While two of the donors are women who are presently in hospitals, three recipients are from Kolhapur, Jammu and Ghaziabad.
A police team also visited the address of the Ghaziabad-recipient, but it emerged that he had left that place.
Meanwhile, two more prominent private hospitals in the city have come under the police scanner. Police have so far come across five cases of kidney transplants conducted in the city through this racket and during interrogation the accused disclosed about 10-15 more transplants conducted at Jalandhar and Coimbatore in the past two years, an official said.
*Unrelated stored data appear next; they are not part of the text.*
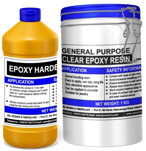 Buy high quality clear epoxy resin and hardener at discounted prices and get delivery to Kampala and other locations in Uganda today. We are the only suppliers of clear epoxy resin in the country. The resin you buy is an eco friendly solvent free gravel bonding resin you can use to produce a high class surface finish to your paths and driveways, also bond the gravel slate etc in tree planters and decorative garden areas. Other applications include jewelry and river resin table tops.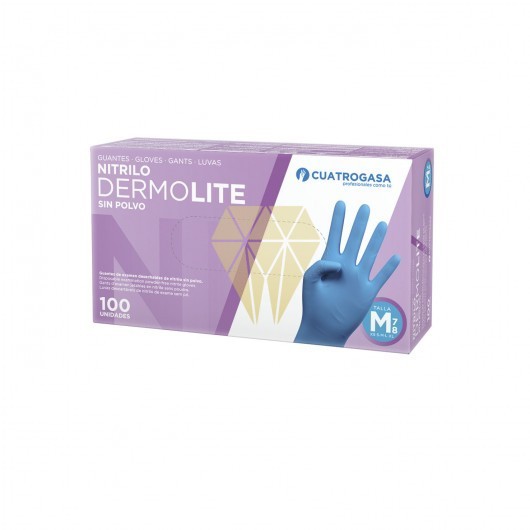 Guante de examen de nitrilo Dermolite, sin polvo, color azul, desechable, marca Cuatrogasa.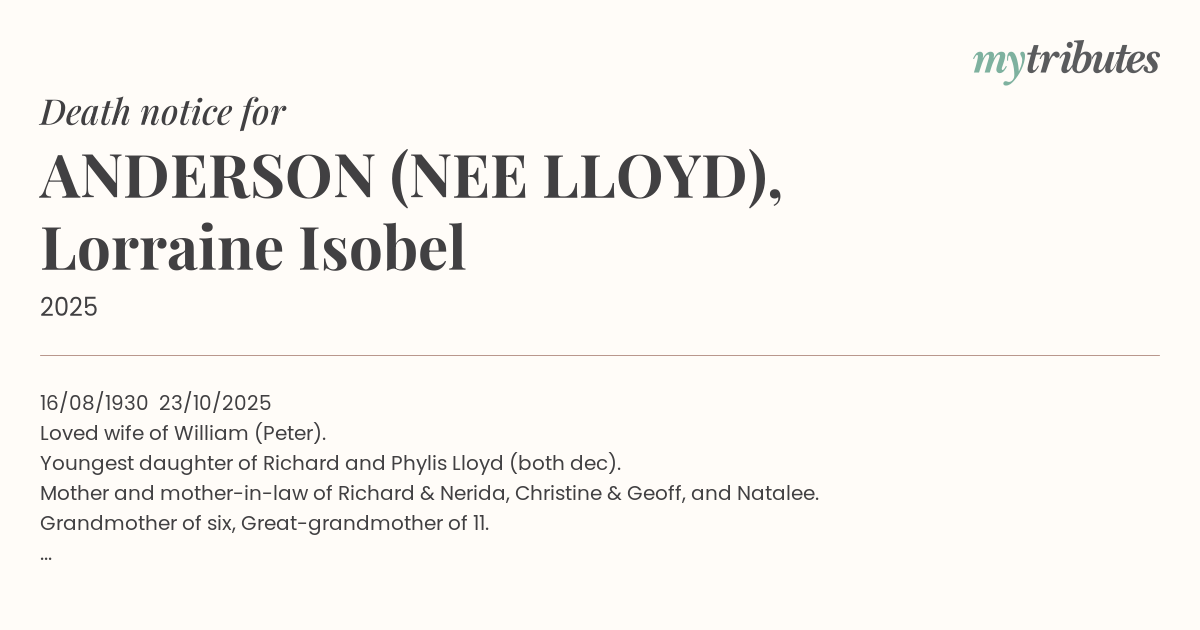 16/08/1930 – 23/10/2025 Loved wife of William (Peter). Youngest daughter of Richard and Phylis Lloyd (both dec). Mother and mother-in-law of Richard & Nerida, Christine & Geoff, and Natalee. Grandmother of six, Great-grandmother of 11. With special thanks to the staff at Bupa Belmont for their compassionate care of Lorraine over the past four years.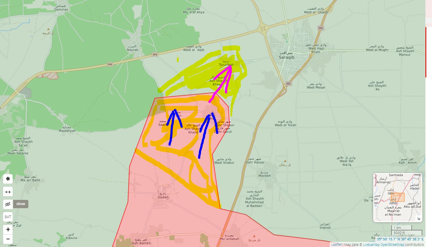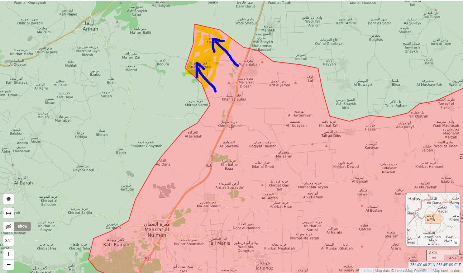SAA vytvořila kordon okolo tureckého pozorovacího stanoviště v Idlibu u dálnice M5 (asi ten u Ma'arat an-Numán)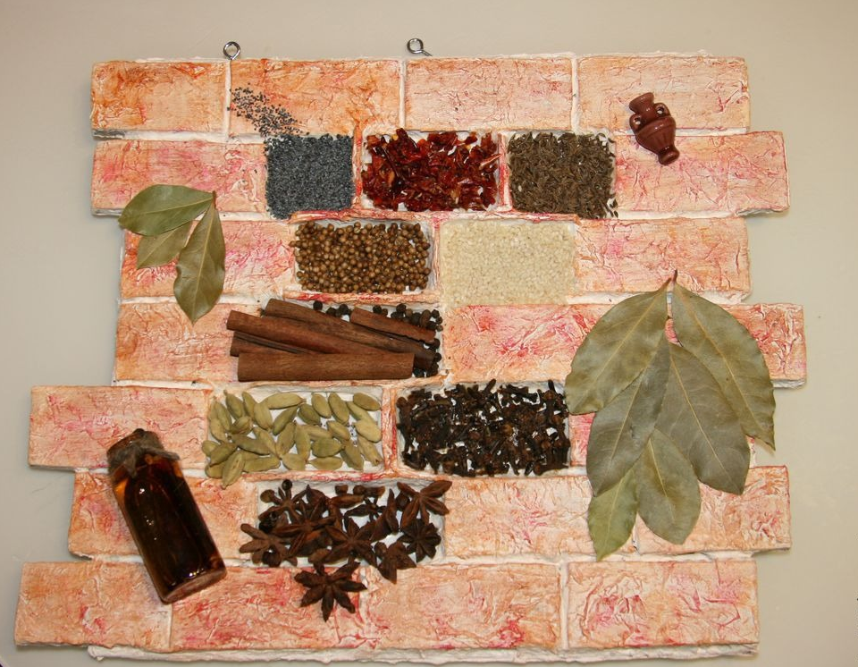 Des panneaux spectaculaires décoreront n'importe quelle pièce, mais ils conviennent surtout à l'intérieur de la cuisine. Une "image" est formée sur une base solide (une feuille de papier épais, de carton ou de toile) selon votre croquis ou votre gabarit prêt à l'emploi. Les matières premières sont soigneusement lavées, séchées au four et collées au substrat.

They used to charge Rs 40-50 lakh from the recipients, of which not even 10 per cent reached the donors.
Police are also investigating a money trail starting with two bank accounts of one of the arrested persons and believed it can lead them to the kingpin.
With the arrest of five persons, including the personal secretaries of a neurologist in Apollo Hospital, police had unearthed the kidney trading racket. The racket used to lure poor people across several states to sell their kidney off and also hound for people desperately looking out for kidney for transplant.
They allegedly forged documents to establish relationship between the donors and the recipients in order to adhere to the law.
In a statement, Indraprastha Apollo Hospitals said, "We are cooperating and providing to them all information required to help them in their investigation. This matter is of grave concern and our teams are extending all support to the police.